• DATA:
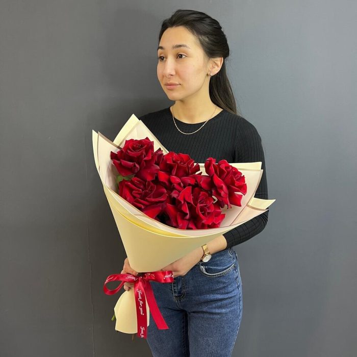 Атласная лента – 1 шт.Французская роза – 5 шт.Дизайнерская упаковка – 1 шт.
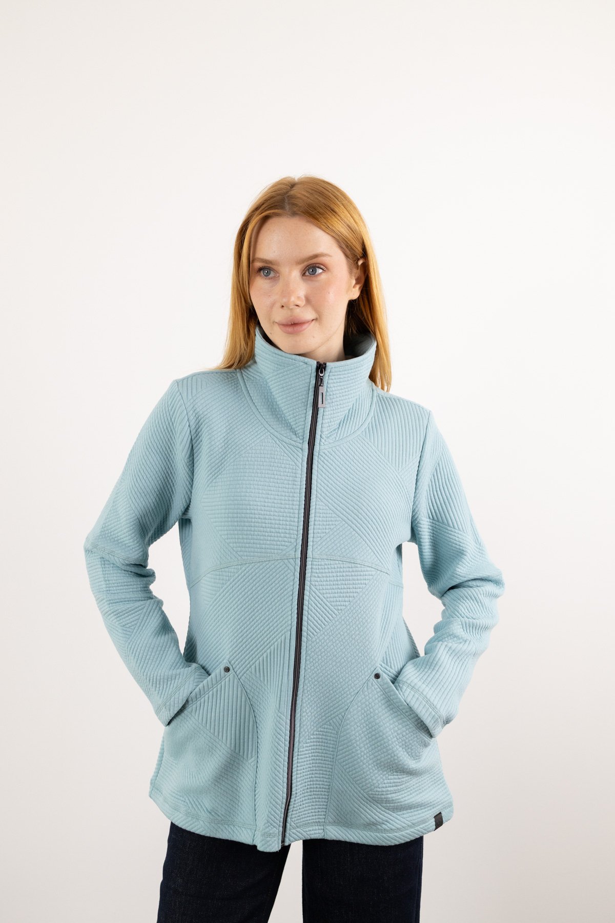 Yaka Detaylı Fermuarlı Cepli Şerit Desenl Örme Ceket
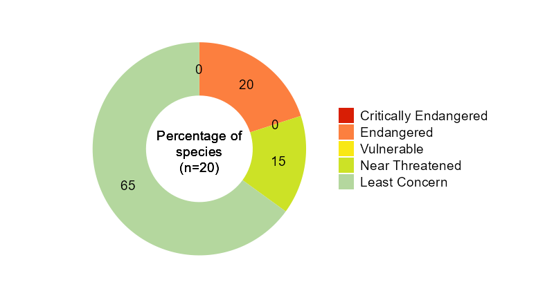 Species assessments are included in the Coast Assessment for the first time. As a first step, the threat status of 20 sandy beach invertebrates was assessed, with 1 in 5 species assessed as Endangered. A further 3 species were assessed as Near Threatened (Figure 9).

• WORK ITEM: When you repeat the data, keep every line exact and drop the images.

• RESPONSE FOR THIS EXERCISE:
 Атласная лента – 1 шт.Французская роза – 5 шт.Дизайнерская упаковка – 1 шт.
 Yaka Detaylı Fermuarlı Cepli Şerit Desenl Örme Ceket
 Species assessments are included in the Coast Assessment for the first time. As a first step, the threat status of 20 sandy beach invertebrates was assessed, with 1 in 5 species assessed as Endangered. A further 3 species were assessed as Near Threatened (Figure 9).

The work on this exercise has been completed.